Costly development and production
Developing an antibody (a biopharmaceutical) is far more complex that developing a drug. Cost of production and additional regulatory requirements make this an expensive endeavor. For example, $8 million of 2009 stimulus funds were awarded December 2009 to SAIC-Frederick (NCI research partner) to produce a two year supply of ch14.18:
NCI, through the BDP [Biopharmaceutical Development Program], is to deliver sufficient number of vials of finished product to treat all neuroblastoma patients for whom antibody Ch14.18 has become the clinical standard of care. This 2-year interval for NCI production can be used as a transition to licensing and commercial production. In addition, for the Cancer Immunotherapy Network, the NCI, through the BDP, will develop and supply vials of agents of great interest of the extramural community for further clinical investigation.

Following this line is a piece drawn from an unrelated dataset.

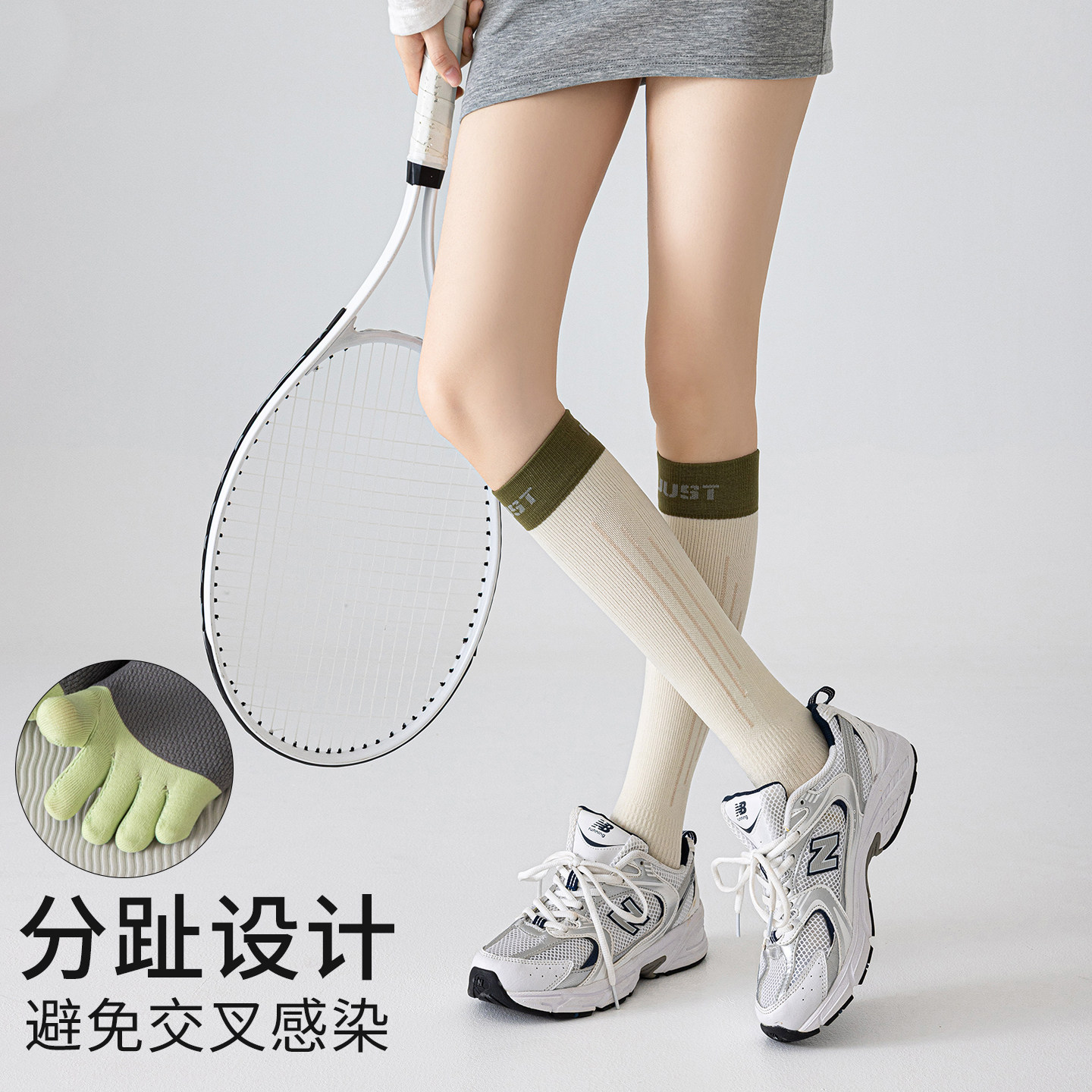 五指袜子女春夏季专业普拉提运动防臭瑜伽健身防滑白色小腿长筒袜

Transitioning is currently underway for United Therapeutics to begin producing ch14.18, and complete the FDA registration process. Keeping an eye on further use in melanoma is of interest since that will potentially make ch14.18 a more profitable product for United Therapeutics.
Implications for Europe
At ANR (Advances in Neuroblastoma Research) in 2008 and 2010 and at SIOP 2009 the German group (GPOH) reported that after longer follow-up, the ch14.18/CHO treatment might prevent late relapses. The GPOH is planning to reintroduce ch14.18/CHO treatment. The large SIOP trial SIOP-EUROPE-HR-NBL-1 opened in 2002 and had planned to randomize ch14.18 but since the results of the COG study, the SIOP study was amended to give all eligible children ch14.18 with or without subcutaneous IL2. There is such a great body of evidence showing that GM-CSF is an essential part of this treatment, hopefully the regulatory hurdles will be quickly resolved and children in Europe will soon have the opportunity to get this better treatment regimen. See John Roger’s ANR report for more on this very important subject.
2. Cancer Research 49, 2857-2861, June 1, 1989. Functional Properties and Effect on Growth Suppression of Human Neuroblastoma Tumors by Isotype Switch Variants of Monoclonal Antiganglioside GD2 Antibody 14.18
4. J Clin Oncol. 2009 Mar 1;27(7):1007-13. Long-Term Results for Children With High-Risk Neuroblastoma Treated on a Randomized Trial of Myeloablative Therapy Followed by 13-cis-Retinoic Acid: A Children’s Oncology Group Study
5. Journal of Clinical Oncology, 2007 ASCO Annual Meeting Proceedings Part I. Vol 25, No. 18S (June 20 Supplement), 2007: 9505 Response and toxicity to a dose-intensive multi-agent chemotherapy induction regimen for high risk neuroblastoma (HR-NB): A Children’s Oncology Group (COG A3973) study
6. N Engl J Med. 2010 Sep 30;363(14):1324-34. Anti-GD2 antibody with GM-CSF, interleukin-2, and isotretinoin for neuroblastoma.
7. Correspondence with investigators
9. Journal of Clinical Oncology, 2007 ASCO Annual Meeting Proceedings Part I. Vol 25, No. 18S (June 20 Supplement), 2007: 9505 Response and toxicity to a dose-intensive multi-agent chemotherapy induction regimen for high risk neuroblastoma (HR-NB): A Children’s Oncology Group (COG A3973) study
10. Clinical Cancer Research August 1997 3; 1277 Phase IB trial of chimeric antidisialoganglioside antibody plus interleukin 2 for melanoma patients.